During the Secret Invasion storyline, Lightmaster appears as member of Hood's crime syndicate and attacks a Skrull force. He accompanies Hood in attacking Mister Negative after he refuses to relinquish control of Chinatown's criminal operations.

Lightmaster later teams up with the Wrecking Crew to target Alchemax's latest device, which would be able to sync with Lightmaster's powers. He and the Wrecking Crew encounter Superior Spider-Man (Doctor Octopus' mind in Spider-Man's body) and the Superior Six. Lightmaster receives help from Absorbing Man, Blackout, Mister Hyde, Titania, and Whirlwind to fight Superior Spider-Man and the Superior Six as an incarnation of the Masters of Evil. Additionally, it is revealed that Lightmaster is the father of Sun Girl (Selah Burke).

==Powers and abilities==
Edward Lansky created a unique special body suit with a padded inner lining, a power armor suit which utilized "gravity-pump circuitry" to allow him to manipulate photons for a variety of effects.

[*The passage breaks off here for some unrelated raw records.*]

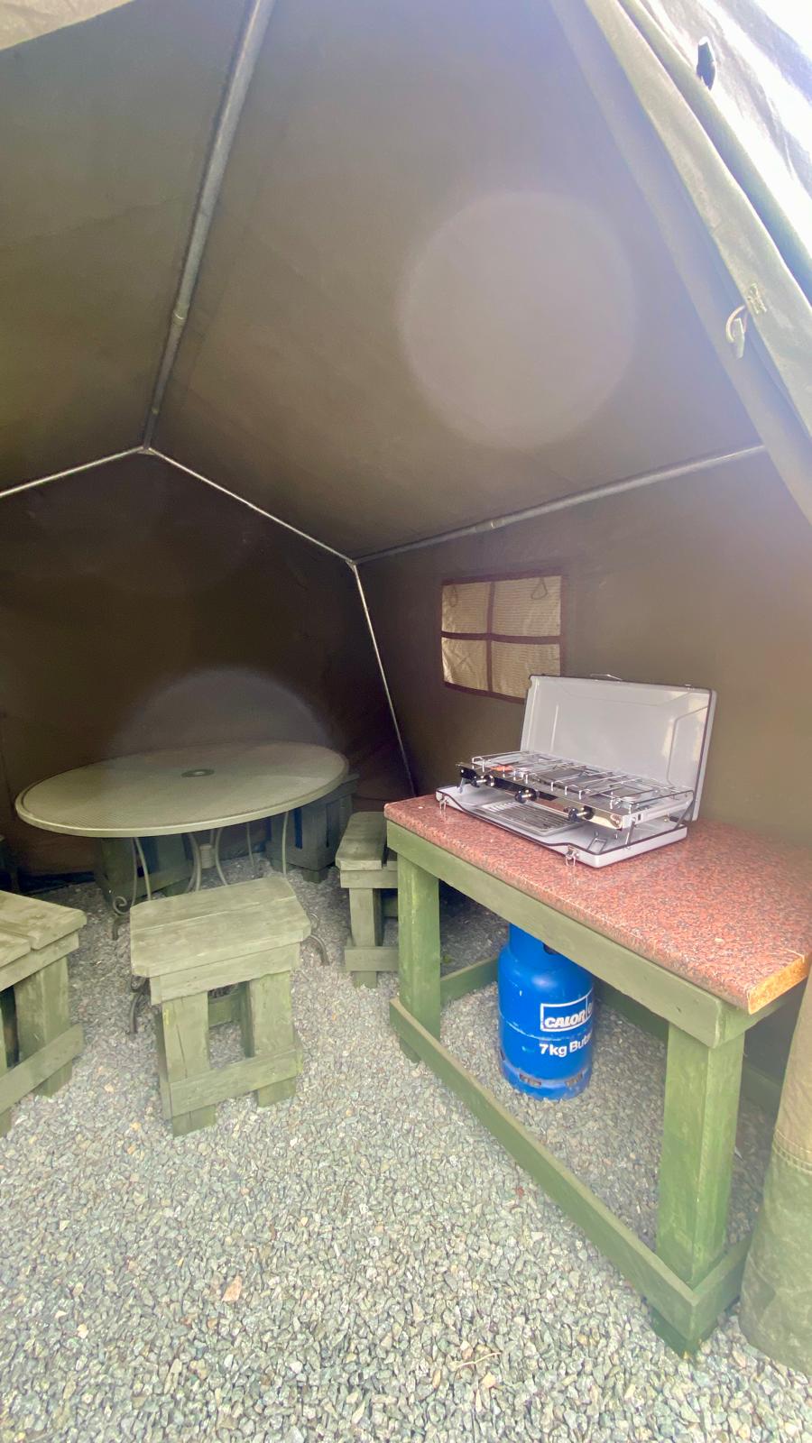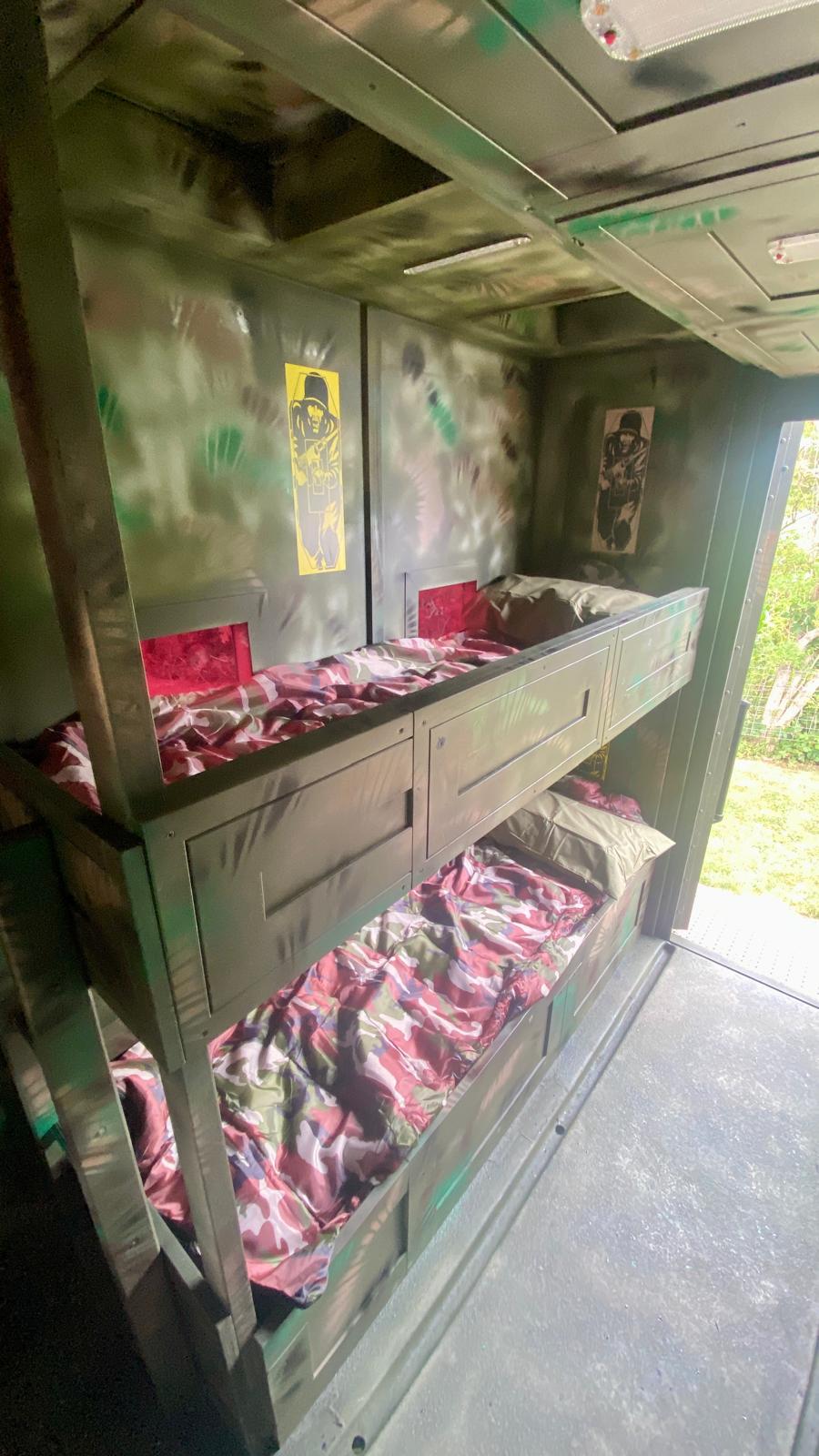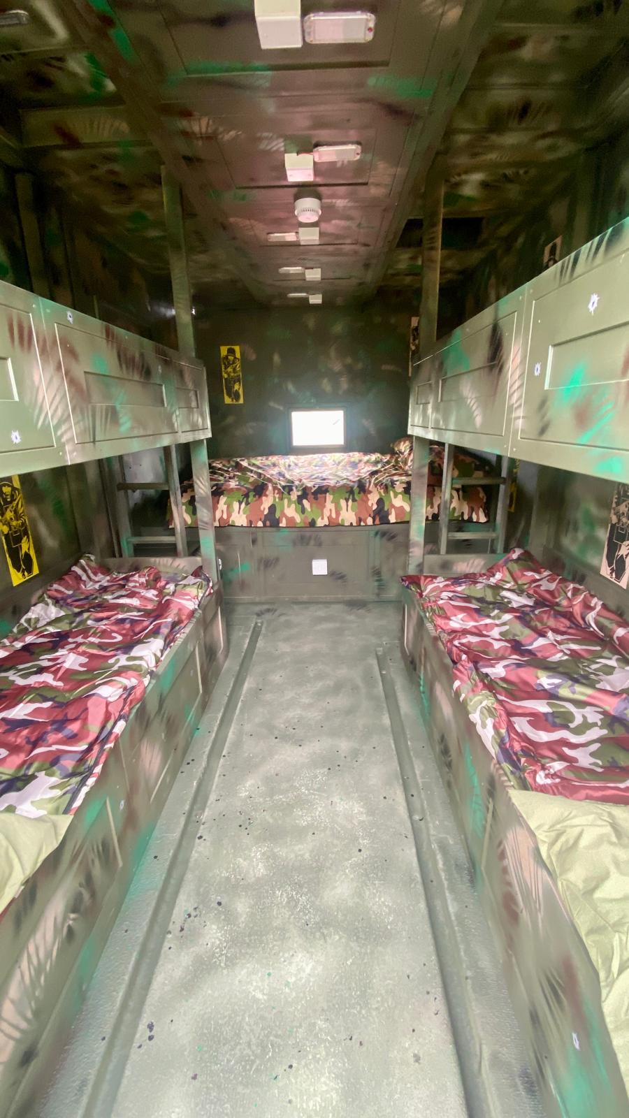 Inside, you’ll find bold commando styling and cosy comforts, while outside there’s a dedicated seating area for downtime after a day on manoeuvres. A unique camping-cooking station set within a military tent adds to the full boot-camp experience — ideal for rustling up rations and plotting the next mission.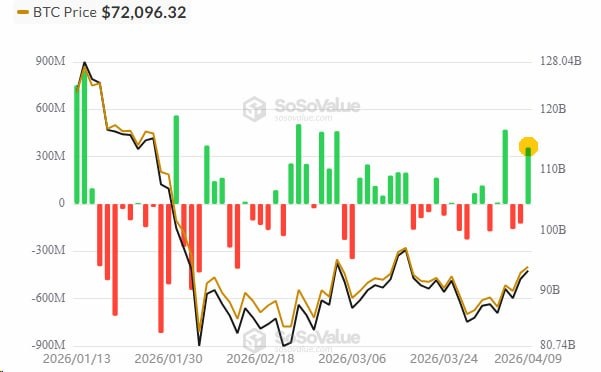 Вчера, 9 апреля 2026, спотовые BTC ETF зафиксировали максимальный за месяц приток около $50 млн. Это отражает растущий интерес институциональных инвесторов, которые выбирают ETF для вложений в биткоин как менее рискованный инструмент. Такой тренд стабилизирует цену BTC, снижая волатильность (резкие колебания цены) и создаёт условия для продолжения ралли (роста). Для инвесторов это сигнал рассмотреть лонг-позиции на биткоин с учетом растущей ликвидности. Проверка по российским реестрам не выявила рисков, связанных с упомянутыми фондами или управляющими компаниями. #новости #БезПафосаФинансы #BTC #крипто #БПФ_Day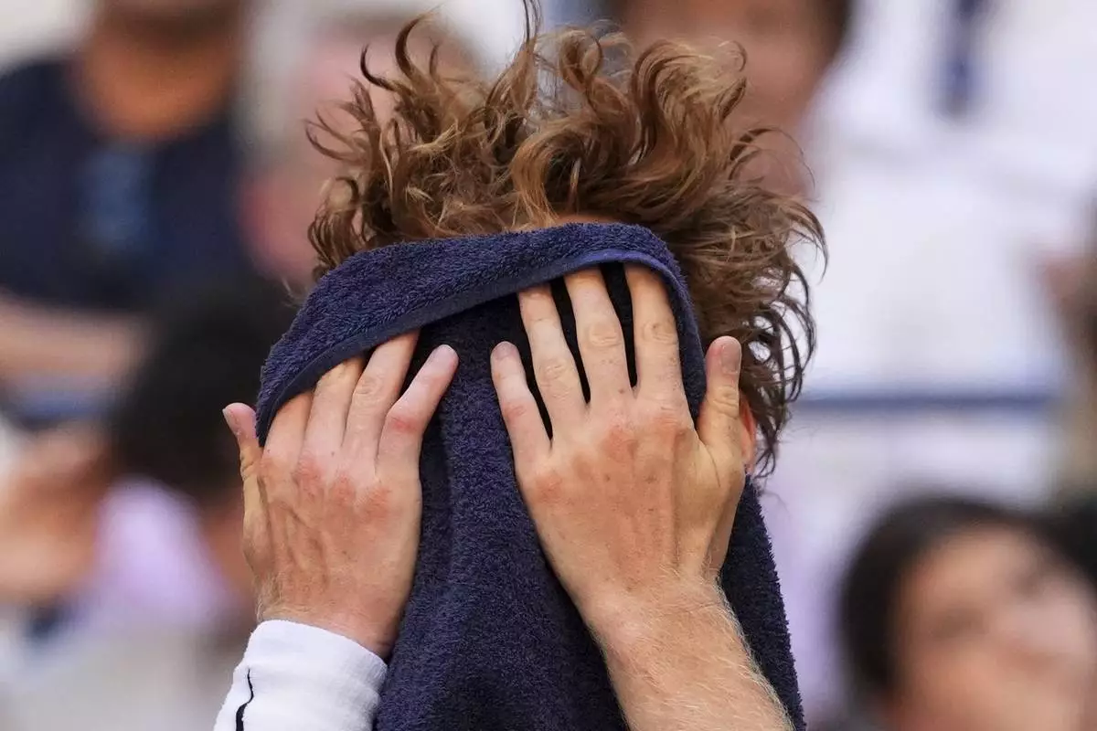 Jannik Sinner, of Italy, dries his face during a breat in the third round of the U.S. Open tennis championships, Saturday, Aug. 30, 2025, in New York. (AP Photo/Kirsty Wigglesworth)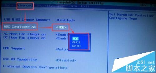2、在advanced中把光標指向hdc configure as這一行,按回車鍵,再選擇ide,按回車鍵,如圖: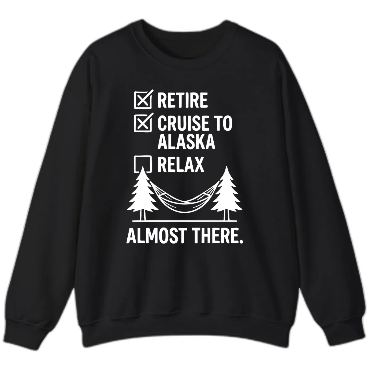 Ready to trade your office chair for a deck chair? Our "Retire Cruise Alaska Relax" Sweatshirt is the ultimate cozy companion for your Alaskan adventure! This crewneck features a hilarious checklist design, showcasing "Retire" and "Cruise to Alaska" as proudly checked items, with "Relax" just around the corner. The charming illustration of evergreen trees framing a hammock, complete with "Almost There" text, perfectly captures that blissful transition from work life to vacation mode.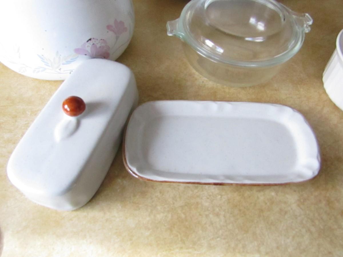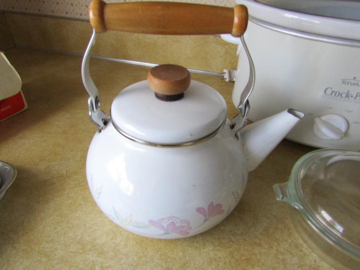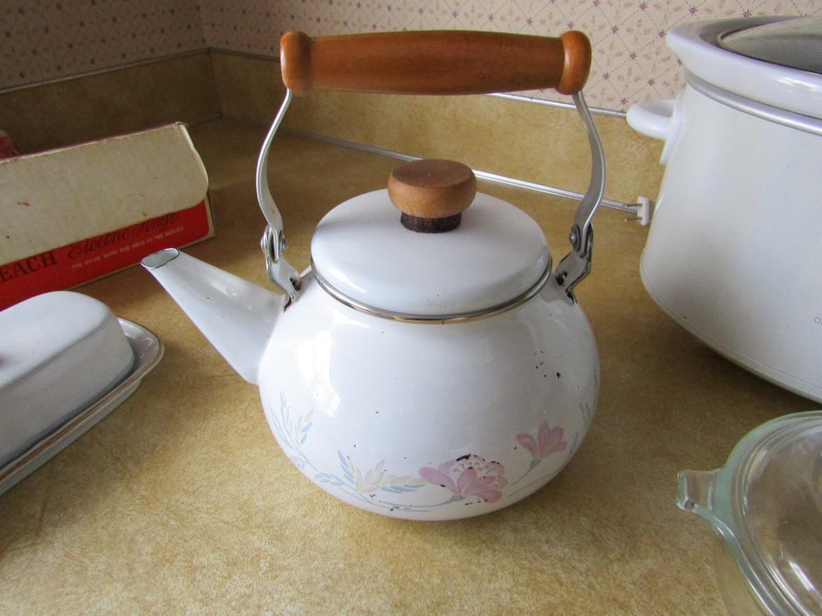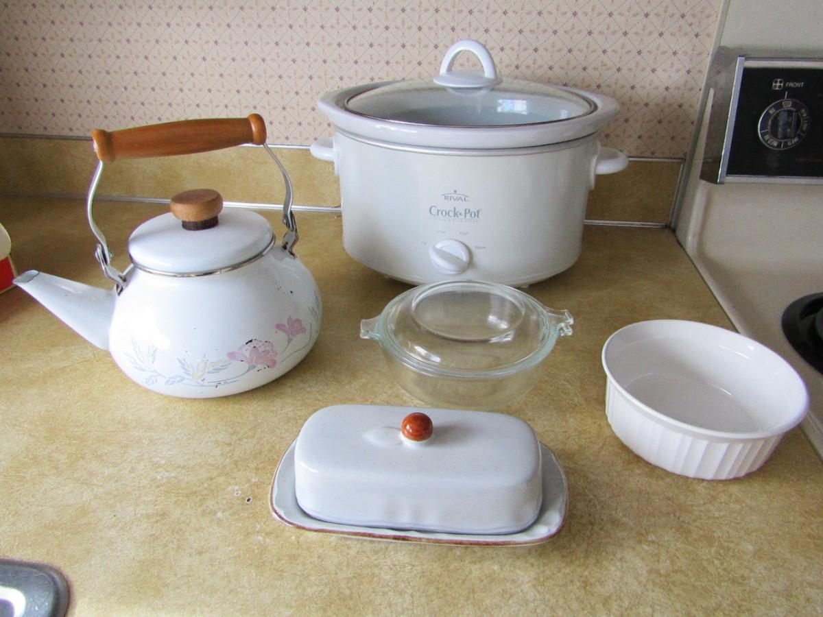 LOT 23 CROCK POT, TEA KETTLE, BUTTER DISH AND MORE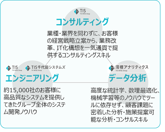 TISのコンサルティング力と、グループ会社であるTIS千代田システムズのシステム開発力と、澪標のデータ分析/AIの力を掛け合わせることで、従来のデータコンサルティングにはない「上流から下流まで一気通貫での製造DX」を実現します。

With it, he could fly; emit blinding flashes of light; create semi-solid, low-mass constructs; create concussive beams of force; or create brass knuckles to increase the power of his punches. The suit could absorb fairly large amounts of electrical energy without damaging the wearer. A sufficient amount of energy caused the circuitry to overload and converted Lansky's body into unstable living energy.

Lansky is skilled in the field of physics with a gifted intellect, and has a Ph.D. in physics.